Trier had been subjected to heavy Allied shelling and aerial bombardment for months, and the defenders had no stomach for a fight when the 10th Armored came calling on March 1; after a half-hearted stand, the defenders surrendered.
A Stars and Stripes reporter accompanying the 10th Armored noted, “Attacking with five columns of infantry and tanks, the 10th reached the outskirts of Trier yesterday at noon, and 24 hours later Captain Robert Wilson raised an American flag that his wife had sent him from Newark, N.J., over the Porta Nigra.
“Ignoring snipers, Lt. Col. Jack Richardson … led a task force through the town to take one of the two bridges over the Moselle intact. Lieutenant Wilbur Beadle, Jr., led a force of armor and infantry across the bridge to secure it.
“After the bridge was taken, the 55th Engineers cut all the wires and removed two tons of dynamite from underneath the structure. Then Task Force Richardson turned its attention to clearing the city to the east from the Mosel. More than 800 German troops were scooped up as they came out of the houses in the morning ready to defend a city that had already been overrun.”
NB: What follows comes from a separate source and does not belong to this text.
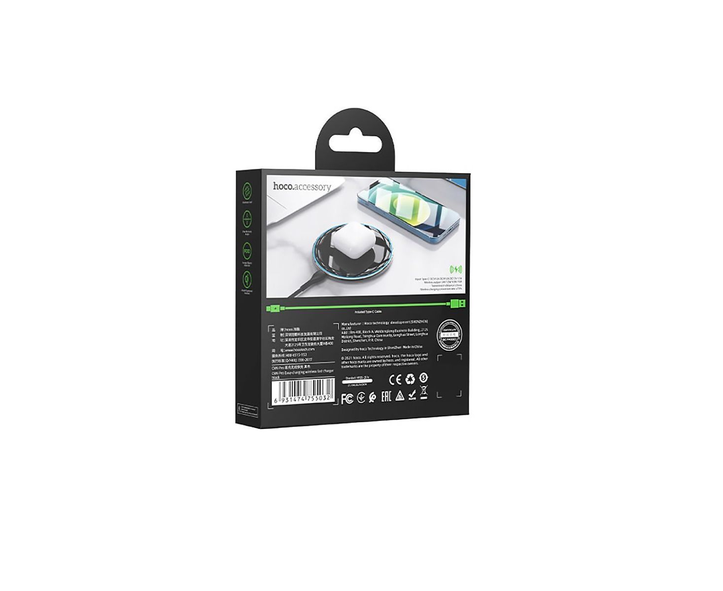 ЗУ Сетевое Беспроводное Hoco CW6 Pro PD/QC 15W (black) (215781)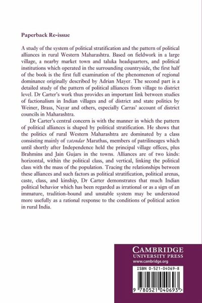 This is a study of the system of political stratification and the pattern of political alliances in rural Western Maharashtra.

The reporter continued: “Richardson’s command post was set up in the center of the city at dawn. Just across the street from the CP, a group of Germans sauntered out of a house to help defend Trier. They, too, were much too late to help.”
A house-to-house search commenced, and 3,000 prisoners were rounded up. General Morris coordinated with the 94th to help occupy the city and evacuate prisoners to the rear.
Once Trier was secure, both Generals Eisenhower and Patton visited the 10th Armored command post. A division historian noted, “Ike’s visit to Trier brought to mind a rumor which had widely circulated. Eisenhower supposedly sent a directive to Patton on March 2. In it, Patton was ordered ‘By-pass Trier to the south … it will take four divisions to capture it.’
“The Third Army commander immediately radioed Eisenhower with the news that he had just taken Trier with one armored division, adding, ‘What the hell do you want me to do—give it back to the bastards?’”
After a four-day rest, it was time to resume the offensive. Morris’ division was ordered to head eastward toward Wittlich, battling stubborn resistance all the way and losing men at places such as Ehrang and Schweich—places that no one had ever heard of before.
Corporal Bob Weber recalled that Ehrang was especially tough. “We attempted crossing the Kyll River into Ehrang on foot after dark but, when we passed in front of a burning house across the river, a machine-gun opened fire on us and we had numerous casualties. Dana Goodwin was killed here.
“We took off to a comparatively safe distance down the street and stayed in a large empty house for the night…. Large caliber—possibly 270mm—guns shelled the street and hit the corner of the house, so we spent the night in the cellar with some civilians. Kenneth Ruth, on guard outside, was knocked down by one blast, but he was OK.”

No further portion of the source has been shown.